В сундуке, кроме пары плащей и комплектов одежды, нашёлся замаскированный под флейту кинжал, струна-удавка и небольшой, компактный арбалет в разобранном виде. Такой было легко спрятать под плащом и выстрелить в не защищённого доспехами человека. К нему прилагался небольшой комплект коротких болтов.
Под койкой обнаружился тайник с двумя кошельками. Один был набит золотом, в другом лежали крупные драгоценные камни. Оба кошелька я забрал, как и флейту-кинжал, арбалетик и болты к нему, а заодно и все книги, алтарь и музыкальные инструменты — всё равно сумка пространственная. Потом продам ценителям, а алтарь сдам местной инквизиции или церковникам.
Вторая комната была более аскетична. Стол был чист. На полках — девственная пустота. Даже светильника не было. Только под койкой нашёлся небольшой, свёрнутый в рулон, коврик серого цвета с фиолетовым рисунком и небольшая книжица — «Арадост Недремлющий».
Полистав книжицу, я пришёл к выводу, что этот Арадост неоднозначен. Он относился к нейтральным божествам и требовал от своих последователей аскетизма и отсутствия привязанностей, дабы не зависеть ни от чего и ни от кого, и всегда быть настороже, даже во сне.
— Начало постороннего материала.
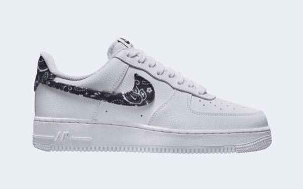 나이키 에어포스1 시리즈는 언제나 인기가 많다. 에어포스1 07 에센셜은 군더더기 없이 깔끔한 디자인의 제품으로, 2007년 리파인된 디자인을 기반으로 삼은 제품이다. 상당히 무거운 편이지만 신발의 중창이 두꺼워 키 높이 효과가 좋은 편이며, 어떤 코디에도 잘 묻어나는 친화력이 좋은 룩을 가진 아이템이다. 페이즐리 스우시 화이트 블랙 제품의 권장 소비자가는 129,000원이다.
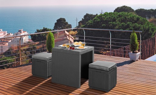 Pufa świetnie komponuje się z meblami ogrodowymi z naszej oferty. Z serią Corfu lub Orlando może stworzyć funkcjonalny zestaw.
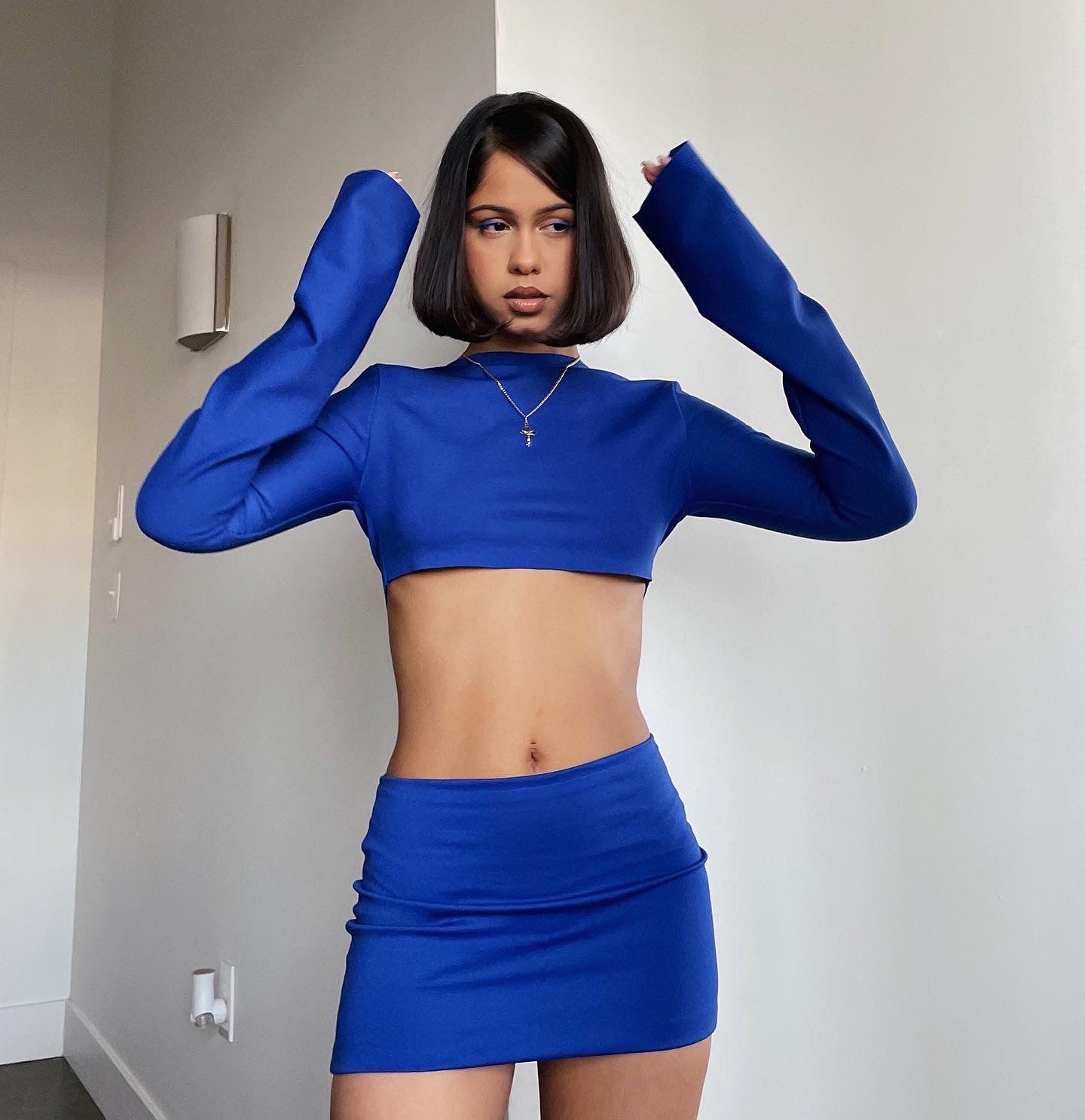 cropped top with oversized sleeves in royal blue. raw edge at neck and bottom hems.
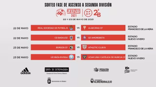 Real Sociedad B-Algeciras, Amorebieta-Badajoz, Burgos-Athletic Club B e Ibiza-UCAM Murcia serán las eliminatorias definitivas del 'Playoff' de ascenso a LaLiga SmartBank, que se disputará en Extremadura, según ha deparado el sorteo celebrado este lunes en el salón de actos de IFEBA en Badajoz.

Всех, кто имел какую-то собственность, он считал излишне обременёнными и вменял в обязанность своим адептам лишать этой собственности любыми способами, включая воровство и поджог. Так он «нёс благо, ибо ничто земное не последует за нами за грань жизни».
В сундуке лежала пара штанов и рубаха.
Книжицу и коврик, заменявший алтарь, я тоже сунул в сумку и пошёл на выход.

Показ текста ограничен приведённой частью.